Here’s a fun thought experiment (well, at least fun for researcher-types). Imagine you just discovered that two of your district partner’s firmly entrenched initiatives are not cost-effective. What would you do? 

Now, would your answer change if we told you that the findings came amidst a global pandemic and widespread social unrest over justice reform, and that those two key initiatives were a school nurse program and restorative practices? That’s the exact situation we faced last year in Jefferson County Public Schools (JCPS) in Louisville, KY. Fortunately, the process of conducting rigorous cost analyses of these programs unearthed critical evidence to help explain mostly null impact findings and inform very real changes in practice at JCPS.

Cost-Effectiveness Analysis Revealed Missing Program Components

Our team of researchers from Teachers College, Columbia University and American University, and practitioners from JCPS had originally planned to use cost-effectiveness analysis (CEA) to evaluate the validity of a practical measure of academic return on investment for improving school budget decisions. With the gracious support of JCPS program personnel in executing our CEAs, we obtained a treasure trove of additional quantitative and qualitative cost and implementation data, which proved to be invaluable.

Specifically, for the district’s school nurse program, the lack of an explicit theory of change, of standardized evidence-based practices across schools, and of a monitoring plan were identified as potential explanations for our null impact results. In one of our restorative practices cost interviews, we discovered that a key element of the program, restorative conferences, was not being implemented at all due to time constraints and staffing challenges, which may help explain the disappointing impact results.

Changes in Practice

In theory, our CEA findings indicated that JCPS should find more cost-effective alternatives to school nursing and restorative practices. In reality, however, both programs were greatly expanded; school nursing in response to COVID and restorative practices because JCPS leadership has committed to moving away from traditional disciplinary practices. Our findings regarding implementation, however, lead us to believe that key changes can lead to improved student outcomes for both.

In response to recommendations from the team, JCPS is developing a training manual for new nurses, a logic model illustrating how specific nursing activities can lead to better outcomes, and a monitoring plan. For restorative practices, while we still have a ways to go, the JCPS team is continuing to work with program personnel to improve implementation.

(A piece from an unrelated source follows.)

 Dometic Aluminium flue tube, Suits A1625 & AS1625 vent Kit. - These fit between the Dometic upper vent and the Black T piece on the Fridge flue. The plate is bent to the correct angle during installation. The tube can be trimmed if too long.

One encouraging finding from our CEA was that, despite imperfect implementation, suspension rates for Black students were lower in schools that had implemented restorative practices for two years compared to Black students in schools implementing the program for one year. Our hope is that further research will identify the aspects of restorative practices most critical for equitably improving school discipline and climate.

Process and Partnership

Our experience highlights unexpected benefits that can result when researchers and practitioners collaborate on all aspects of cost-effectiveness analysis, from collecting data to applying findings to practice. In fact, we are convinced that the ongoing improvements discussed here would not have been possible apart from the synergistic nature of our partnership. While the JCPS team included seasoned evaluators and brought front-line knowledge of program implementation, information systems, data availability, and district priorities, our research partners brought additional research capacity, methodological expertise, and a critical outsider’s perspective.

Together, we discovered that the process of conducting cost-effectiveness analysis can provide valuable information normally associated with fidelity of implementation studies. Knowledge gained during the cost analysis process helped to explain our less-than-stellar impact results and led to key changes in practice. In the second blog of this series, we’ll share how the process of conducting CEA and value-added analysis led to changes in practice extending well beyond the specific programs we investigated.

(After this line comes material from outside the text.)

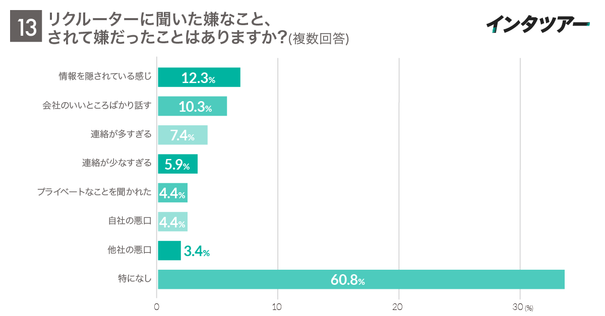 設問13.リクルーターに聞いた嫌なこと、されて嫌だったことはありますか。(複数回答)

Stephen M. Leach is a Program Analysis Coordinator at JCPS and PhD Candidate in Educational Psychology Measurement and Evaluation at the University of Louisville.

Dr. Fiona Hollands is a Senior Researcher at Teachers College, Columbia University.

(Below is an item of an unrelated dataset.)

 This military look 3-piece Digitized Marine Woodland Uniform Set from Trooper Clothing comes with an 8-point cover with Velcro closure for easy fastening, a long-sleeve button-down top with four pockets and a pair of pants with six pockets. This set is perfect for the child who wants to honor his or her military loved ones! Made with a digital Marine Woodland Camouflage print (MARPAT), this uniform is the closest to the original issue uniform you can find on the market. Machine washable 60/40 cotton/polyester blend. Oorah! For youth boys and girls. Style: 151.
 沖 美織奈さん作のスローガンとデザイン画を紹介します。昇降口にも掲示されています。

Dr. Bo Yan is a Research and Evaluation Specialist at JCPS.

Dr. Robert Shand is an Assistant Professor at American University.

If you have any questions, please contact Corinne Alfeld (Corinne.Alfeld@ed.gov), IES-NCER Grant Program Officer.

Data Collection for Cost Analysis in an Efficacy Trial

This blog is part of a guest series by the Cost Analysis in Practice (CAP) project team to discuss practical details regarding cost studies.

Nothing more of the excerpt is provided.